Monday Medical: Seasonal allergies more severe than in previous years
The old adage in mountain towns is that residents come for the winters and stay for the summers. Warm weather in our little slice of paradise brings a lot to look forward to, but it also brings something that many have come to dread. Allergies.
Right now, tree allergens are out in full force, and for those with allergies, this time of year can be quite miserable. And if you feel like your allergies have started sooner and are more intense than in years past, you’re not alone.
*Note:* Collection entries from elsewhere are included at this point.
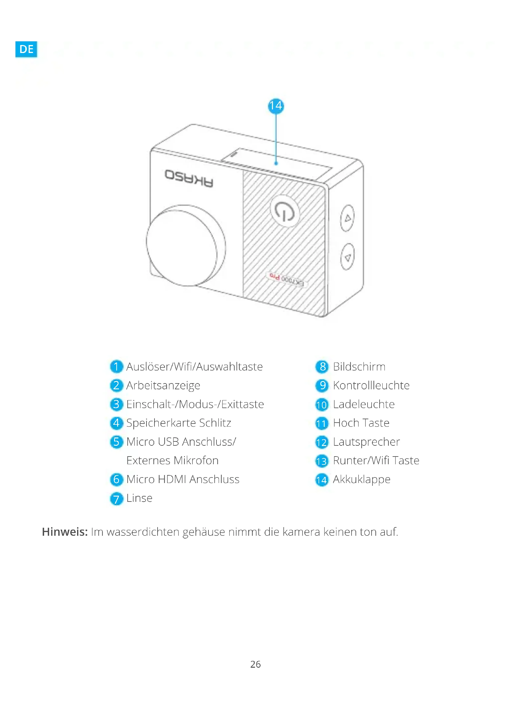 Auslöser/Wifi/Auswahltaste Arbeitsanzeige Einschalt-/Modus-/Exittaste Speicherkarte Schlitz Micro USB Anschluss/ Externes Mikrofon Micro HDMI Anschluss Linse Bildschirm Kontrollleuchte Ladeleuchte Hoch Taste Lautsprecher Runter/Wifi Taste Akkuklappe Hinweis: Im wasserdichten gehäuse nimmt die kamera keinen ton auf.
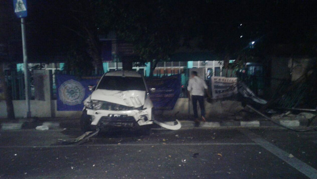Setelah menyalip, lanjut Hendra, nahas mobil jadi tidak terkendali hingga meloncati marka pembatas jalan. "Nabrak pagar SMA Muhammadiyah, terpental ke belakang, berputar 360 derajat. Mundur, nabrak pagar lagi, berhenti posisi menghadap jalan," Hendra bercerita.
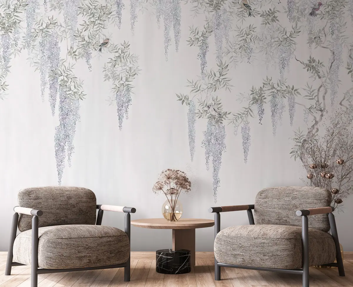 Fototapetes Vistērijas ziedi, vistērijas, minimālisms, vienkrāsains, bēniņi un japāņu stils Nr. u96928
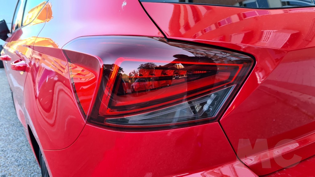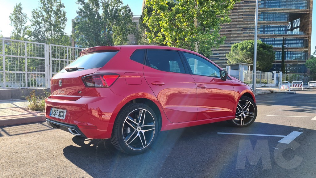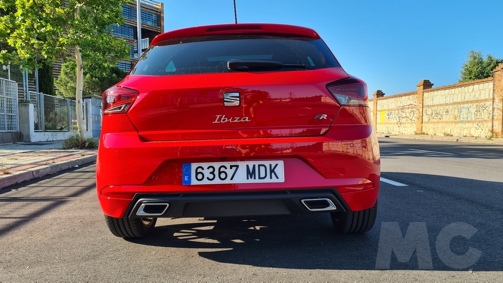 El aspecto de la parte de atrás es la clásica del Ibiza con dos grupos ópticos que se muestran poco sobre el maletero y se extienden en los laterales y que se encuentran elevados. El portón se corta sobre estos grupos ópticos y deja en la parte inferior un generoso parachoques que es muy útil en las maniobras urbanas yla vida de utilitario de ciudad en general. Los dos escapes que surgen de una moldura de plástico negro que remata la parte inferior agregan otro ingrediente deportivo al conjunto.
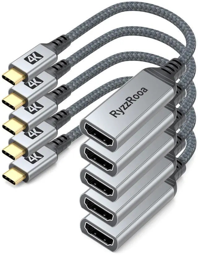 RyzzRooa USB C to HDMI Adapter 5 Pack, 4K USB Type-C to HDMI Adapter [Thunderbolt 3/4 Compatible] for iPhone 16/15 Series, MacBook Pro/Air, iPadPro, S24/23 Series, Dell XPS, Surface and More

Experts are saying this year has been, and will continue to be, one of the worst years on record for allergies.
Dr. Kristen Fahrner, a Steamboat Springs otolaryngologist — commonly called an ear nose and throat physician — said she has never seen so many patients through her office at this point in the year.
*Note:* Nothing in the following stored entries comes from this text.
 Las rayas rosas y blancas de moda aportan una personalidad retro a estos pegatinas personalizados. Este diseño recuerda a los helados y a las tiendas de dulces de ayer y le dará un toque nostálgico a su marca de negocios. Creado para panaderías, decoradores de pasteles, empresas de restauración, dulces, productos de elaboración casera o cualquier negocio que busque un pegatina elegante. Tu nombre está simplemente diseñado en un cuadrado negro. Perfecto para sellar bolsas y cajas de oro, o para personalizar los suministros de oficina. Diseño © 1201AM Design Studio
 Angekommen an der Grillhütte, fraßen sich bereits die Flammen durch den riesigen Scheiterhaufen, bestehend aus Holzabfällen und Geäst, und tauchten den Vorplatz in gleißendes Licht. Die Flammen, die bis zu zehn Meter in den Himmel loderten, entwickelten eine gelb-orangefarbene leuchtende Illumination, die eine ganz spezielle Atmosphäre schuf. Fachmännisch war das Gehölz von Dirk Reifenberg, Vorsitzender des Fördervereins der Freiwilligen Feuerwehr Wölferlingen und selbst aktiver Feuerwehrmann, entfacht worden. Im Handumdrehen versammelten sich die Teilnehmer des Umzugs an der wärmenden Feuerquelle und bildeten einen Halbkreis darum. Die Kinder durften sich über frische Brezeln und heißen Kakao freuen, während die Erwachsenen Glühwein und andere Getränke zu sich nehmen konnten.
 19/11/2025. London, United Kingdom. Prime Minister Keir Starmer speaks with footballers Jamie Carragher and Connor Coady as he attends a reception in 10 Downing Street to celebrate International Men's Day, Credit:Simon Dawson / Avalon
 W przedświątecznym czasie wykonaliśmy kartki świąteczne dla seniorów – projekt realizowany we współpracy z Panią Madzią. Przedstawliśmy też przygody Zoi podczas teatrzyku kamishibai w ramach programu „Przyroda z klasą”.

“I can’t remember being this busy, this early,” Fahrner said. “We are seeing people with not only allergies earlier, but more severe allergies in our clinic.”
Fahrner said that expert opinion blames climate change, an earlier spring and more carbon dioxide in the air. She also explained that, in Steamboat, there are a number of factors working against us.
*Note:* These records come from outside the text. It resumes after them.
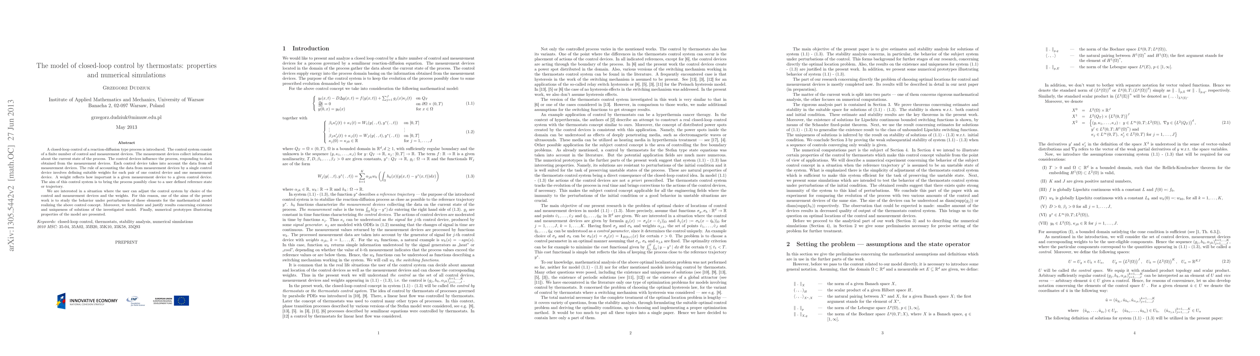 A closed-loop control of a reaction-diffusion type process is introduced. The control system consist of a finite number of control and measurement devices. The measurement devices collect information about the current state of the process. The control devices influence the process, responding to data obtained from the measurement devices. Each control device takes into account the data from all measurement devices. The rule of accounting the data from measurement devices by a single control device involves defining suitable weights for each pair of one control device and one measurement device. A weight reflects how important is a given measurement device to a given control device. The aim of this control system is to bring the process possibly close to a user defined reference state or trajectory. We are interested in a situation where the user can adjust the control system by choice of the control and measurement devices and the weights. For this reason, one of the aims of the preset work is to study the behavior under perturbations of these elements for the mathematical model realizing the above control concept. Moreover, we formulate and justify results concerning existence and uniqueness of solutions of the investigated model. Finally, numerical prototypes illustrating properties of the model are presented.
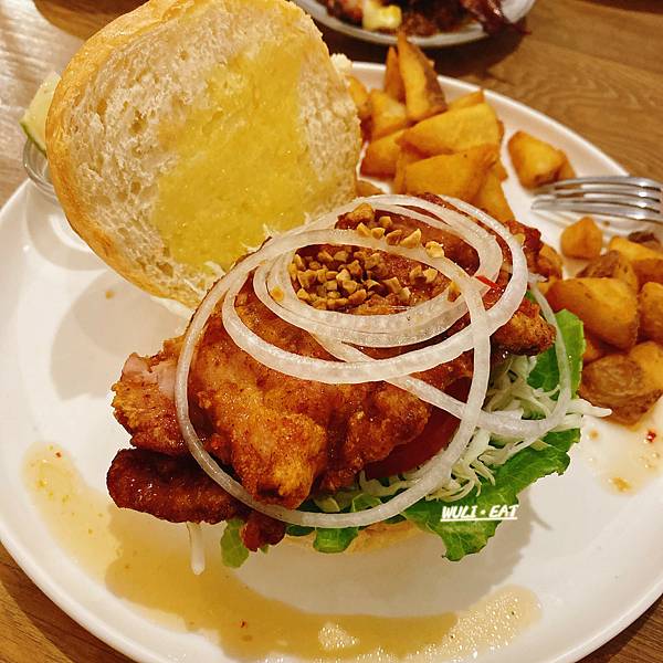 炸雞很大很厚的一塊,炸得非常酥脆! 上面有放少許的洋蔥圈,增加一些洋蔥的甜~
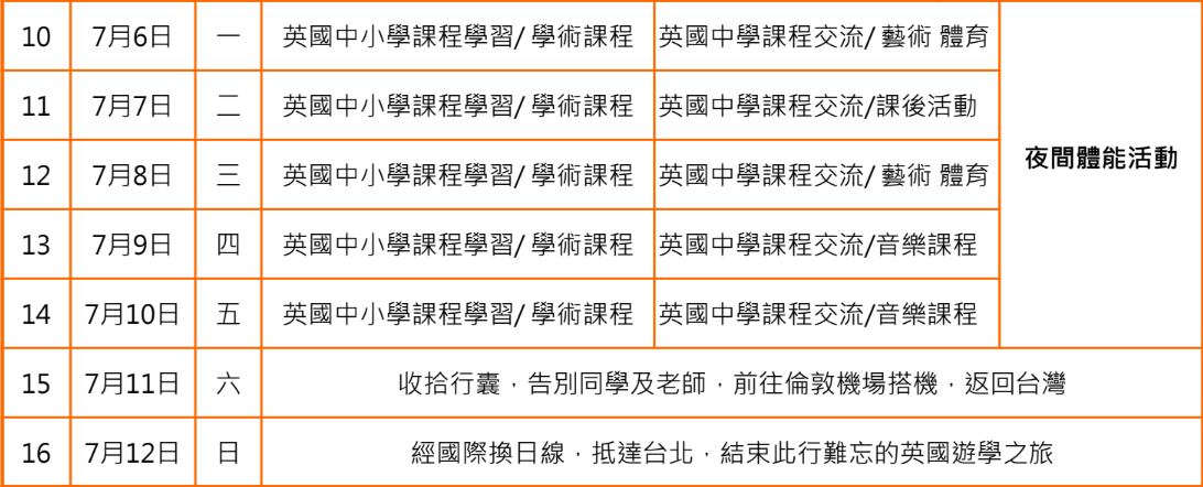 - 遊學期間:2026/06/27-2026/07/12 (共16天)
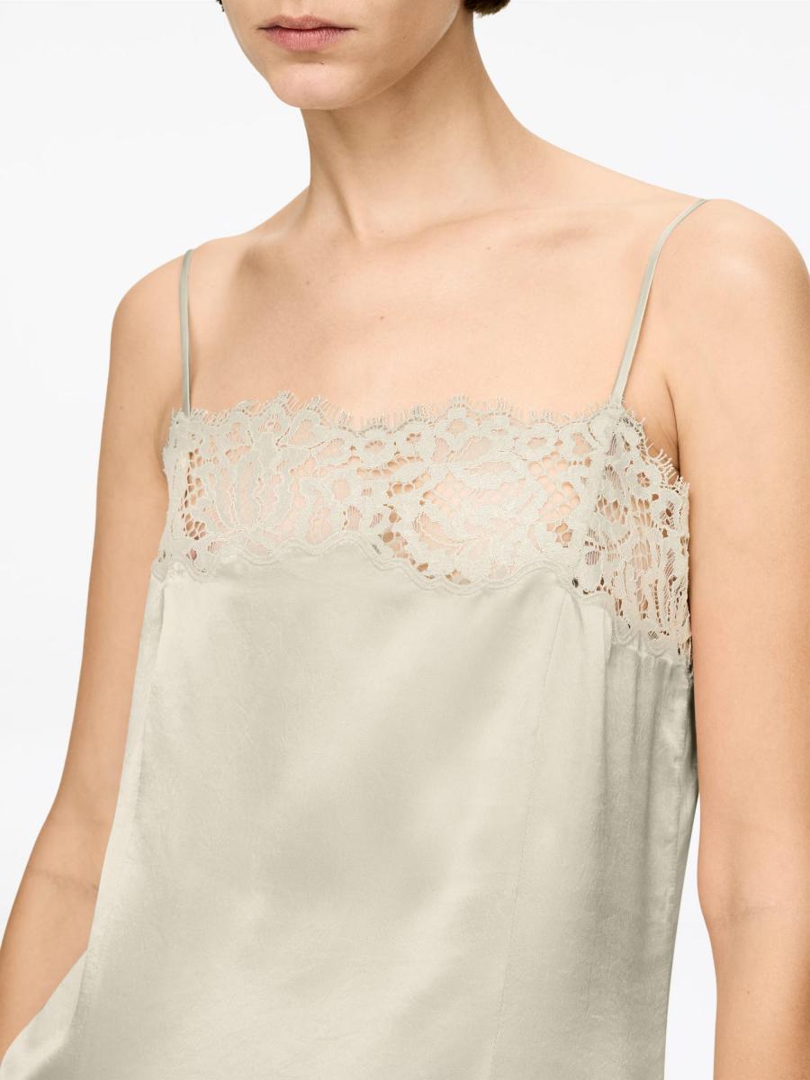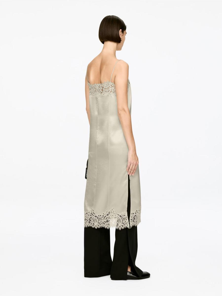 Strap dress in cellulose acetate, with satin lace at the chest and hem, panelled seams and straps in shell fabric.ARKET/Women's clothes/Women's dresses
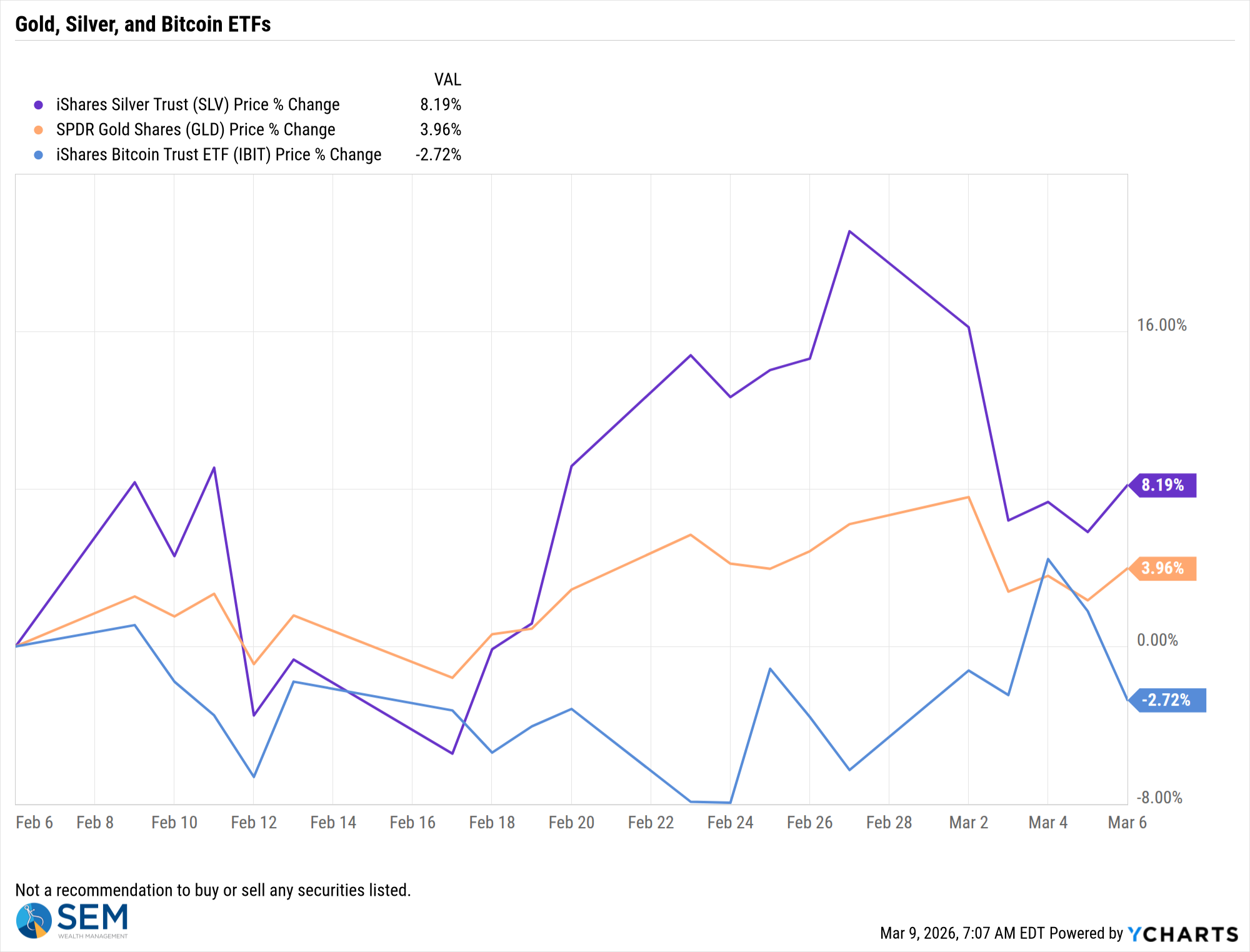 Gold, Silver, and Bitcoin continued to march to their own drummer. In "normal" times, Gold should have had a strong week, but instead lost ground last week.

“Warm temperatures increase pollen counts, but the length of sunny days is also a contributing factor,” Fahrner said. “We have long days, and we see a lot more sun than other places. We also have very sudden temperature changes, which increase pollen counts.”
Fahrner also pointed out that, in addition to more pollen, climate changes are making allergens more severe than in the past.
“Not only are allergens going to be more prevalent, but experts are saying they will be more potent,” Fahrner said. “Even with the same level of pollen in the air that we had years ago, that same level of pollen is going to cause worsening symptoms.”
Fortunately for those who suffer from allergy symptoms, there are some things in their favor.
“People now have more medications available to them over the counter than in the past. There are antihistamines, really nice over-the-counter eye drops and, as of relatively recently, more nasal steroid sprays,” Fahrner said.
Medication is often the first step in treating allergies, however the trick is figuring out when to start. Allergy medication suppresses inflammation and is much more effective when started sooner. Many wait until they feel miserable before taking medications, at which point inflammation becomes harder to get under control. Using sites such as pollen.com to track and forecast pollen levels can help someone stay ahead of their allergy symptoms.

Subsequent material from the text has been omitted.